====== DATA RECORDS ======

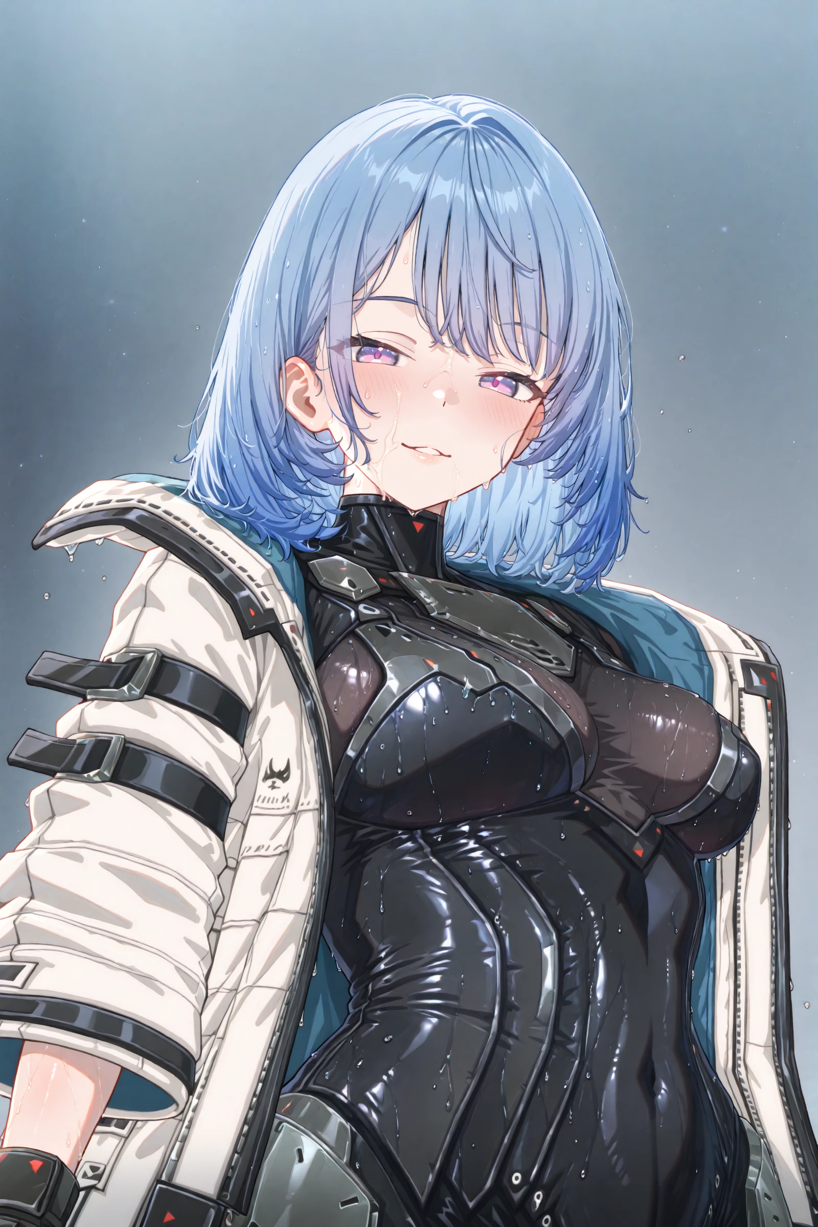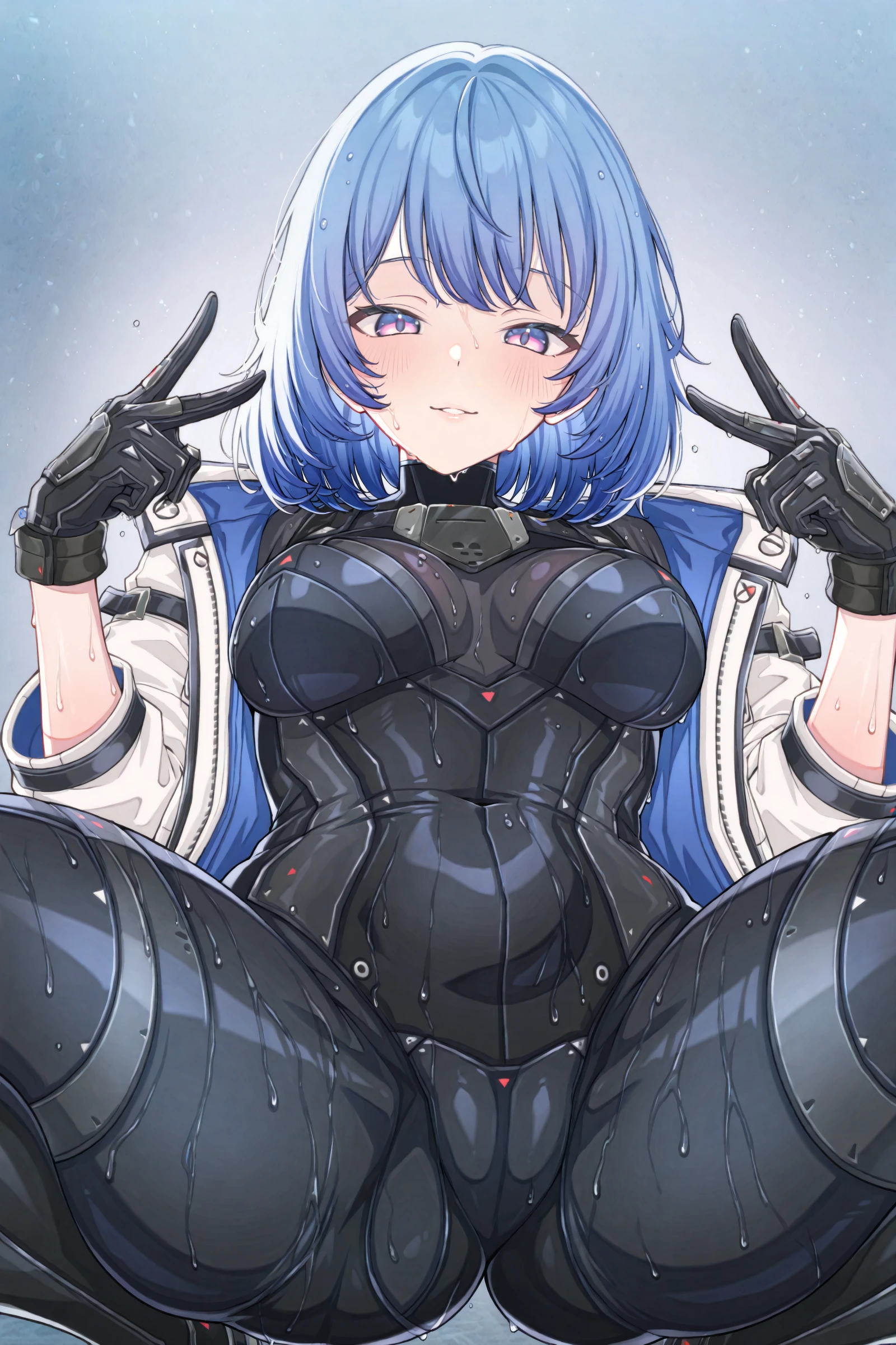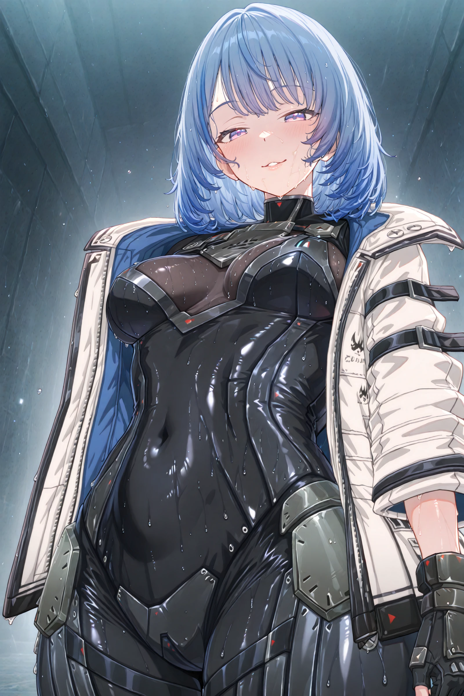 dariastarseed, 1girl, solo, purple eyes, jacket, white jacket, bodysuit, looking at viewer, blue hair, black bodysuit, open clothes, breasts, open jacket, closed mouth, gloves, short hair, bangs, black gloves, medium hair, medium breasts
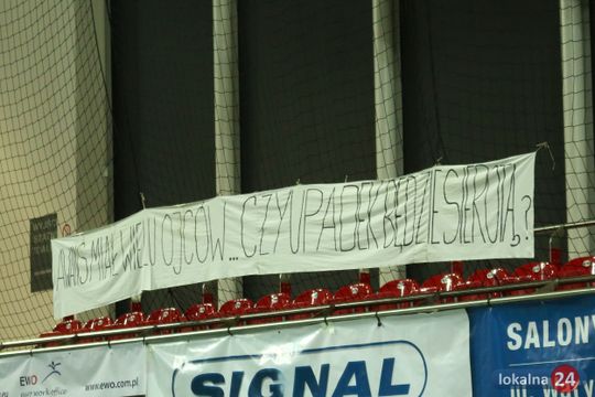 Cieszyć może jedynie fakt niesłabnącego zainteresowania siatkówką w Ostrowcu Świętokrzyskim. Kibice pozostają wierni i dopingują konsekwentnie, mając świadomość, że sytuacji w klubie jest trudna. Najlepiej obrazuje ją transparent jaki zawisł podczas dzisiejszego meczu. "Awans miał wielu ojców...Czy porażka będzie sierotą?" pytają autorzy.
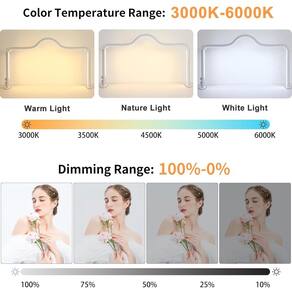 - Escurecimento contínuo: a luz LED para cílios tem 2 controles rotativos em um lado para ajustar o brilho e a temperatura da cor, o brilho pode ser ajustado de 0% a 100%, a temperatura da cor pode ser definida na faixa de 3000-6000K. Se você precisa de iluminação brilhante ou iluminação ambiente suave, esta luminária de mesa foi projetada para atender perfeitamente às suas necessidades específicas.
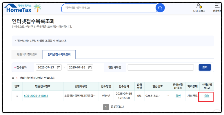 필요한건 발급번호이니 프린터출력이나 화면조회를 하면 된다.
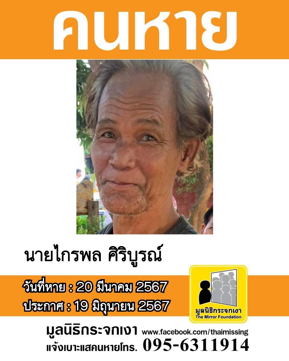 ชื่อ นายไกรพล ศิริบูรณ์ หรือ ลี อายุ 61 ปี หายออกจากบริเวณถนนพระราม 2 ซอย 60 แขวงแสมดำ เขตบางขุนเทียน กรุงเทพมหานคร เมื่อวันที่ 20 มีนาคม 2567

======

WORK INSTRUCTION.
Although pictures appear among the records above, none are to be output; print exactly the lines from the line containing "Cieszyć może jedynie" through the line containing "필요한건 발급번호이니 프린터출력이나 화면조회를 하면 된다.".

ANSWER TO THIS EXERCISE.
 Cieszyć może jedynie fakt niesłabnącego zainteresowania siatkówką w Ostrowcu Świętokrzyskim. Kibice pozostają wierni i dopingują konsekwentnie, mając świadomość, że sytuacji w klubie jest trudna. Najlepiej obrazuje ją transparent jaki zawisł podczas dzisiejszego meczu. "Awans miał wielu ojców...Czy porażka będzie sierotą?" pytają autorzy.
 - Escurecimento contínuo: a luz LED para cílios tem 2 controles rotativos em um lado para ajustar o brilho e a temperatura da cor, o brilho pode ser ajustado de 0% a 100%, a temperatura da cor pode ser definida na faixa de 3000-6000K. Se você precisa de iluminação brilhante ou iluminação ambiente suave, esta luminária de mesa foi projetada para atender perfeitamente às suas necessidades específicas.
 필요한건 발급번호이니 프린터출력이나 화면조회를 하면 된다.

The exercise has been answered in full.